• Exercise brief
Lower down are entries containing pictures. Copy exactly, without those pictures, the lines from the line with "Aleja lipowa Waldsteina, Jičín" through the line with "定員約1500人の大ホール".

########################################

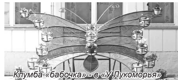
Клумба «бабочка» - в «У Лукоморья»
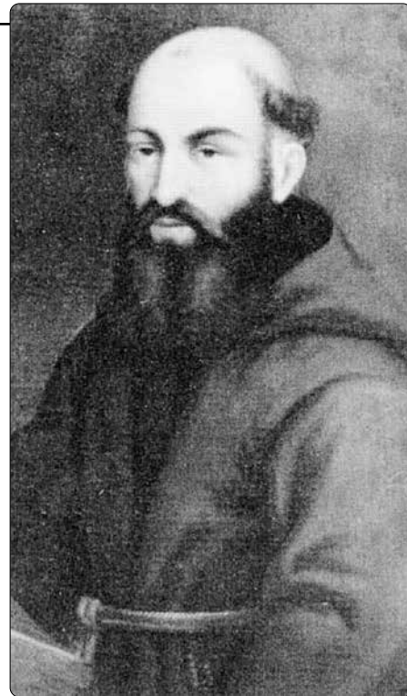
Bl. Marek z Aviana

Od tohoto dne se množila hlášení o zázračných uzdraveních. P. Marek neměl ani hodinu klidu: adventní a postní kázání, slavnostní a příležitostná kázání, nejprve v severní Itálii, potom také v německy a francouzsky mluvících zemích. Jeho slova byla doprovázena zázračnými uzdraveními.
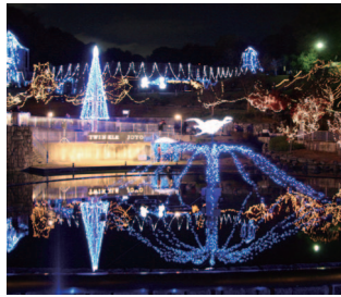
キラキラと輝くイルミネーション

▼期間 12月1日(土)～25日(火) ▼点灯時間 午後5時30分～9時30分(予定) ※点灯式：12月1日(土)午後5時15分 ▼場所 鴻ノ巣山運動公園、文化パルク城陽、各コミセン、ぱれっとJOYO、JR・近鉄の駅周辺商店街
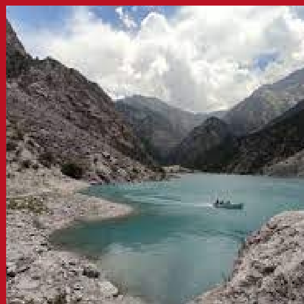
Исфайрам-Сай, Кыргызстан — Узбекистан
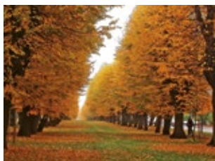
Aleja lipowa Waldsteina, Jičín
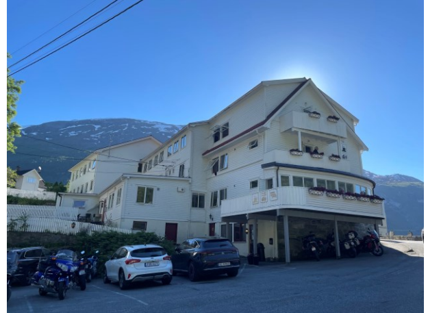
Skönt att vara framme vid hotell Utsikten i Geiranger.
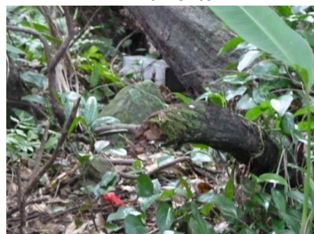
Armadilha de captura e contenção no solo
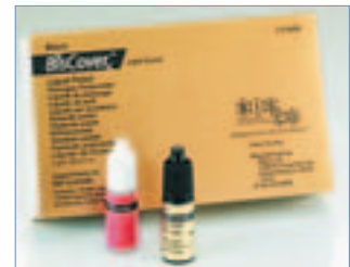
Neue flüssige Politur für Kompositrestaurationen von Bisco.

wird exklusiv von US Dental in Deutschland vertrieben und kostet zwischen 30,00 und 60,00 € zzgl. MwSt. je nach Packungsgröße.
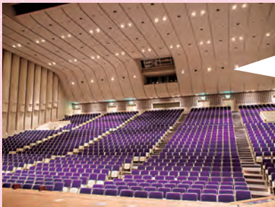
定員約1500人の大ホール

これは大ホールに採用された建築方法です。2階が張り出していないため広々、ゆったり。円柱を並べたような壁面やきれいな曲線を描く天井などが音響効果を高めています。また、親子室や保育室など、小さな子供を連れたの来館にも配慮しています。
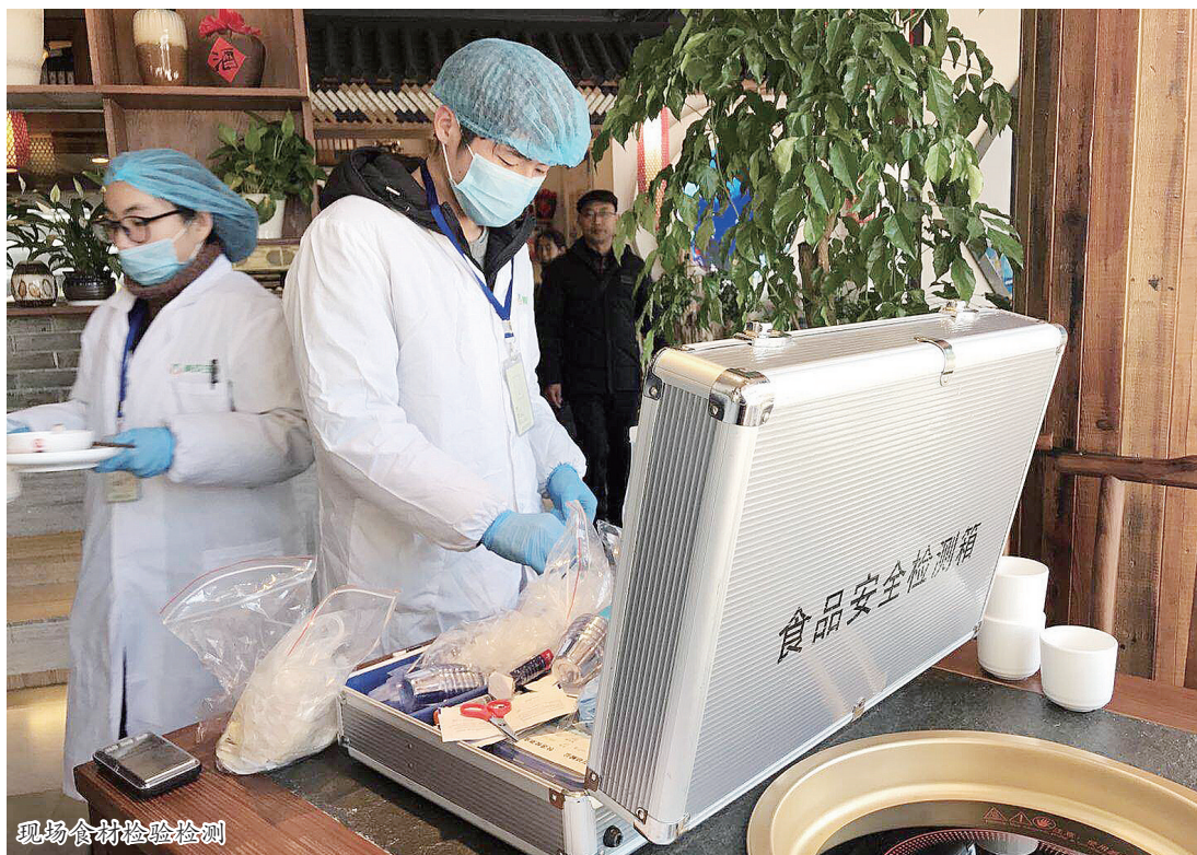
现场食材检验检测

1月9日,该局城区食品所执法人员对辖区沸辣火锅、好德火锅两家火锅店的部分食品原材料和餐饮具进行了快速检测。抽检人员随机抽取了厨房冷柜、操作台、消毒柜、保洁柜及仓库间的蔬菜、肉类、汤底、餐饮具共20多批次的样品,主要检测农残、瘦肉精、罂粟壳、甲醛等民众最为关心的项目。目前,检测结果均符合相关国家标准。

########################################

• Written reply
Aleja lipowa Waldsteina, Jičín
Skönt att vara framme vid hotell Utsikten i Geiranger.
Armadilha de captura e contenção no solo
Neue flüssige Politur für Kompositrestaurationen von Bisco.

wird exklusiv von US Dental in Deutschland vertrieben und kostet zwischen 30,00 und 60,00 € zzgl. MwSt. je nach Packungsgröße.
定員約1500人の大ホール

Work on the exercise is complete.